Serena wondered why Sprem didn’t point out the error to Watts, who was barred from officiating for the rest of the fortnight.

“As a competitor and as a professional, you should be able to distinguish between right and wrong,” she said. “I’ve never been in a situation like that before. I’m an honest individual. If I were in that situation, I know I’d make the right choice.”

Of all the players asked how they would react if handed a point by mistake, Ivanisevic delivered the most unique reply, of course: “I give it to somebody in the crowd.”

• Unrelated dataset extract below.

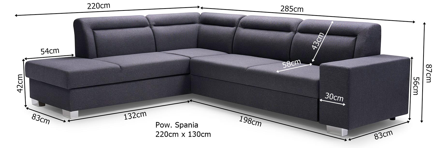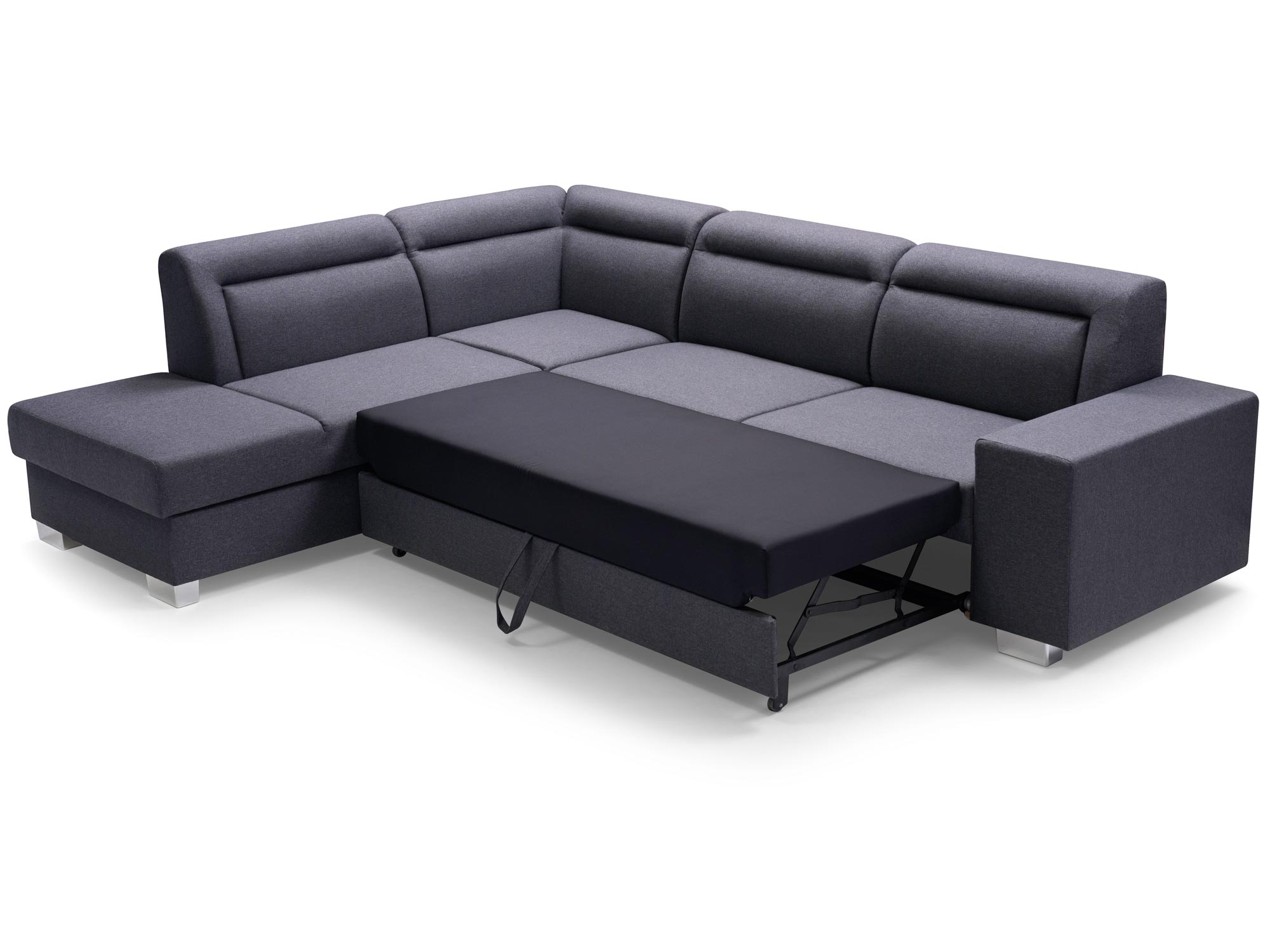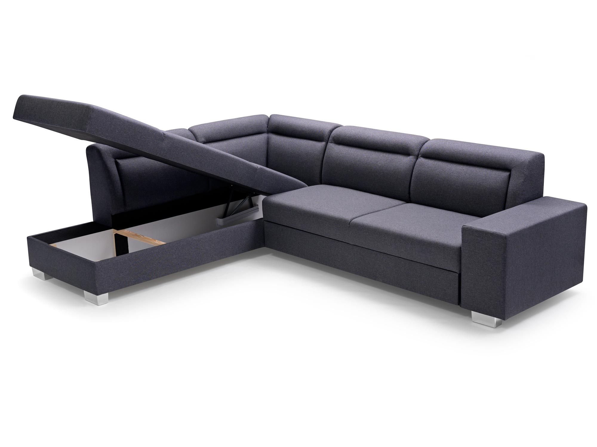 Co najważniejsze narożnik 285×220 cm na nóżkach BRUNO to model dostępny jest w wersji prawo- lub lewostronnej do wyboru. Dzięki temu można go z łatwością dopasować do aranżowanego pomieszczenia. Ponadto narożnik z funkcją spania to praktyczny element wyposażenia salonu, gdyż za dnia będzie pełnił doskonałe miejsce do wypoczynku, natomiast w nocy będzie komfortowym i wygodnym łóżkiem. Co więcej ten funkcjonalny narożnik oprócz oprócz funkcji spania posiada także przestronny pojemnik na pościel. Dodatkowo mebel wyposażony został w automat typu delfin wspomagający rozkładanie, dzięki czemu w prosty sposób można zamienić narożnik w komfortowe miejsce do snu. Sprawdź dostępną ofertę narożników, które posiadamy w naszym sklepie.

Unable to defend his lone Grand Slam title because of a series of injuries, he wanted one last hurrah at Wimbledon before quitting. He made it to the 1992, 1994 and 1998 finals, losing once to Andre Agassi and twice to Pete Sampras. Then, in 2001, ranked 125th and in need of shoulder surgery, he became the first wild card to win a Slam, pounding a record 212 aces along the way.

His final match as a pro provided a wonderful contrast: Ivanisevic’s go-for-broke serve-and-volley style vs. Hewitt’s best-in-the-game returns and lobs.

With the sun shining, Ivanisevic hit 15 aces but had nine double-faults; Hewitt compiled 17 break points, converting four. That was enough because the Australian never faced a break point and lost one point on his serve in the second set.

When it ended with Hewitt’s forehand passing winner, the crowd of about 13,000 celebrated Ivanisevic with a two-minute standing ovation.